Interestingly, our models also revealed a hidden bias of the Yelp dataset! Many generated reviews mentioned the business being “on the strip,” which seemed odd to us. We scrutinized the businesses in more detail, and found that indeed, Yelp sampled its public dataset from businesses located in Las Vegas.

Despite the flaws, both networks demonstrate a deep understanding of the structure and content of Yelp reviews. There’s obviously a lot to go, but for a first stab the results are promising!

Lessons Learned

Text generation from characters is very difficult. While ByteNet had success generating long sequences from characters, it was able to locally condition on an embedding vector from the source sentence. This substantially decreased the complexity the model had to learn, since it essentially received the input word as some hidden embedding. Without this local embedding, the problem of text generation becomes very difficult, since the model has to recognize the meaning of previous words, predict the next word, and determine the spelling of the next word. This pushes the capacity of WaveNet too far. In the future we may explore a word-model with WaveNet.

Attention is powerful. We realized that WaveNet’s dilated convolutions and gated activations crudely attempt to provide a form of attention over the input sequence. However, this corresponds to attention over broad chunks of the input sequence, rather than specific, target words. In light of this, it seems apparent that transformers are a better choice.

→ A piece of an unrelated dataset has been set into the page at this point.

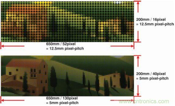 例如,5m視距的系統(tǒng)需要5mm像素間距來(lái)實(shí)現(xiàn)良好分辨率。另一個(gè)視覺(jué)實(shí)例如圖7所示,圖中展示了過(guò)低像素間距如何降低輸出影像質(zhì)量。像素間距為12.5mm 的影像(上)看起來(lái)很粗糙,無(wú)法近距離辨識(shí)。但保持一定的距離觀(guān)看時(shí)影像開(kāi)始變得清晰,與觀(guān)看像素間距為5mm的影像(下)類(lèi)似。這個(gè)實(shí)例清楚地說(shuō)明了視距與像素間距的關(guān)系。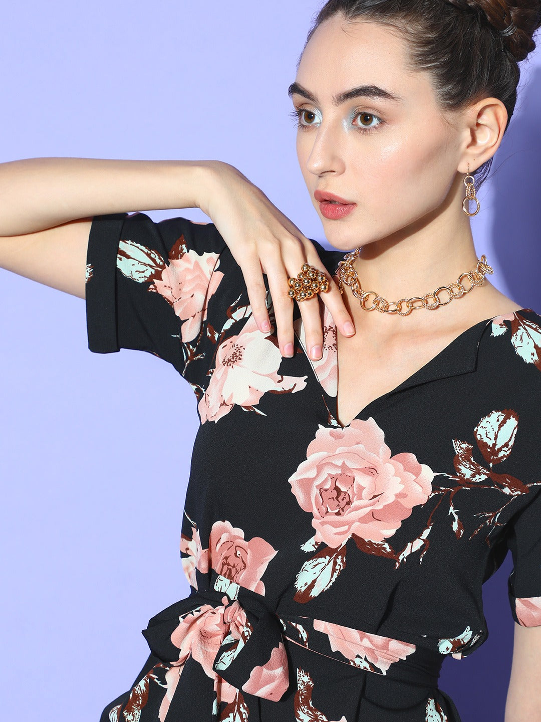 Berrylush Women Black & Pink Floral Printed Shirt Collar Neck Waist Tie-Up Crepe Side-Slited A-Line Midi Dress

Attention Tuning is all you need. It’s really important to find a good set of hyper-parameters. Sometimes it’s crucial to have faith and train for a while even if the loss doesn’t look great. A lot of our initial results with Transformers were a far cry from the “state of the art” results we were expecting. Our group doesn’t have the hardware, data, or time that Google does, so we had to toy around until we found a bag of tricks that worked. Essentially, our team has the same complaint hundreds of other deep learning researchers do: it’s hard to know if the problem is a bug in your code/data, a bad hyper-parameter, or perhaps you didn’t train long enough.

Team Contributions

Hankun Zhao – 40%. Built initial skeleton and test datasets. Built WaveNet model and evaluated on Shakespeare and Yelp datasets. Tuned WaveNet model extensively. Evaluated metrics for WaveNet model. Setup WordPress site and generated graphics. Contributed to all sections of this blog post.

Sudeep Dasari – 40%. Cleaned the Yelp dataset and converted it to TFRecord format for speedy training. Built the code-base for Baseline-LSTM and Transformer networks. Trained and extensively tuned the Transformers network. Evaluated the metrics for Transformers/baseline model, and contributed to all sections of this blog post.

William Zhao – 20%. Tuned the WaveNet model and experimented with preprocessing input data. Created the WaveNet version which conditionally feeds in its own output as the input for the next timestep, after a certain initialization period of teacher forcing. Tuned model version’s performance and evaluated metrics for its output.


  • Abadi, Martín, et al. “TensorFlow: A System for Large-Scale Machine Learning.” OSDI. Vol. 16. 2016.
  • Kalchbrenner, Nal, et al. “Neural machine translation in linear time.” arXiv preprint arXiv:1610.10099 (2016).
  • Lu, Sidi, et al. “Neural Text Generation: Past, Present and Beyond.” arXiv preprint arXiv:1803.07133 (2018).
  • Papineni, Kishore, et al. “BLEU: a method for automatic evaluation of machine translation.” Proceedings of the 40th annual meeting on association for computational linguistics. Association for Computational Linguistics, 2002.
  • Sutskever, Ilya, Oriol Vinyals, and Quoc V. Le. “Sequence to sequence learning with neural networks.” Advances in neural information processing systems. 2014.
  • Van Den Oord, Aaron, et al. “Wavenet: A generative model for raw audio.” arXiv preprint arXiv:1609.03499 (2016).
  • Vaswani, Ashish, et al. “Attention is all you need.” Advances in Neural Information Processing Systems. 2017.